I have written about sexless marriage and cheating in the past as well, because I have long thought that the construct of marriage itself is insufficient. I have always been interested in how the economics of marriage fly in the face of love, and that somewhere between love and matrimony is “supposed to be” our sexual existence, where often, it doesn’t actually fit.
We have this idea of love, and the assumption that with love comes the desire to have sex. But echoing Mark’s sentiments, after seeing tens of thousands of readers flock to the subject matter, comment and write to me personally, it was clear; despite how well “happily-ever-after” is marketed, love, sex, and marriage don’t always come wrapped in a nice, neat—and eternal—little package.
There are a lot of people in marriages who have been celibate for years, and by years I mean decades. Some are okay with it and some aren’t. Some have told me they deal with it through sex-for-hire arrangements, while others have full-blown affairs. Some begrudgingly accept celibacy. Others enjoyed the companionship in their sexless marriages more than the sex itself and felt it was worth the trade. Then there were people who were outright embittered by their abstinence on one hand, and folks who gave up sex willingly out of love for a spouse who could no longer perform due to illness, on the other.
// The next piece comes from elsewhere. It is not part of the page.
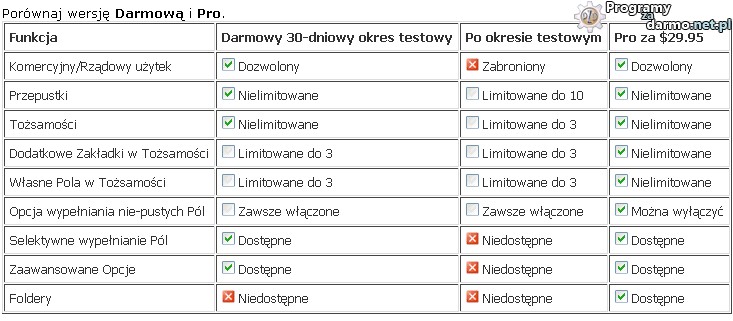 Darmowa ma ograniczenia w ilości zapamiętanych hasel,i tp
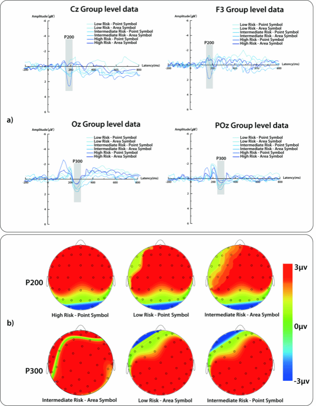 研究实验部分使用了日本京都市的地图作为底图,设计了六类不同风险等级和符号类型的疫情地图,包括点状和面状符号,以及低、中、高三种风险等级。问卷调查采用了新冠肺炎疫情风险感知量表(PRCPS),而ERP实验基于Oddball范式,考察了不同符号类型和风险等级对被试整体风险感知的影响。问卷结果分析显示,不同疫情地图的风险感知存在显著差异,高风险和中风险地图的风险感知得分显著高于低风险地图。ERP结果分析表明,符号类型和风险等级对疫情地图的早期认知加工有显著影响。点状符号疫情地图的唤醒程度更高,更能有效吸引个体的注意力;面状符号在低风险情境下有助于提升信息获取效率;高等级风险信息会吸引个体更多的注意资源。

So clearly, sexless marriage runs the gamut, and for some people it works. The issue becomes when one person wants sex from the other and the other doesn't want to give or receive it in return.
That’s only one aspect though. The other is when that person expects fidelity and enforces rules that forbid the partner from having his or her own sexual life. For highly sexual people, this is up there with starvation. Sexuality is a powerful energy that drives a need the way hunger does. To deprive someone of that fulfillment is really quite selfish. But is it immoral? And is the partner who seeks sex elsewhere really at fault for anything? And can you really call it cheating?
For all intents and purposes, in this context, cheating and lying are one in the same. It is the betrayal of trust that causes the most devastation. You say you’re committed to me and only me? I believe you. You give me your word? I’ll trust you. But, if something changes, you need to say something.
We move further into our relationships feeling “safe” because we are told and assured that we are. If the terms of that agreement are going to change, it’s time to renegotiate. This goes both ways. The person who opts out of having a sex life with his or her partner has a responsibility to own that decision and re-establish how the needs of both individuals are going to be met. After all, whether it’s cheating or withdrawing oneself from the marriage sexually, one person is hiding a part of him or herself from the other. With cheating, we fully expect (and often demand) the cheater to come clean. Why would that same expectation be any different when one spouse is responsible for changing the “rules?”
So, in the end, one could argue that getting sex somewhere else, and lying about it, is just as selfish as not giving it. Now is that immoral? I don’t know. Is it wrong? Not sure. But no matter what, if someone is only interested in serving his or her own needs, from whichever perspective, it’s not a good marriage and it’s not love.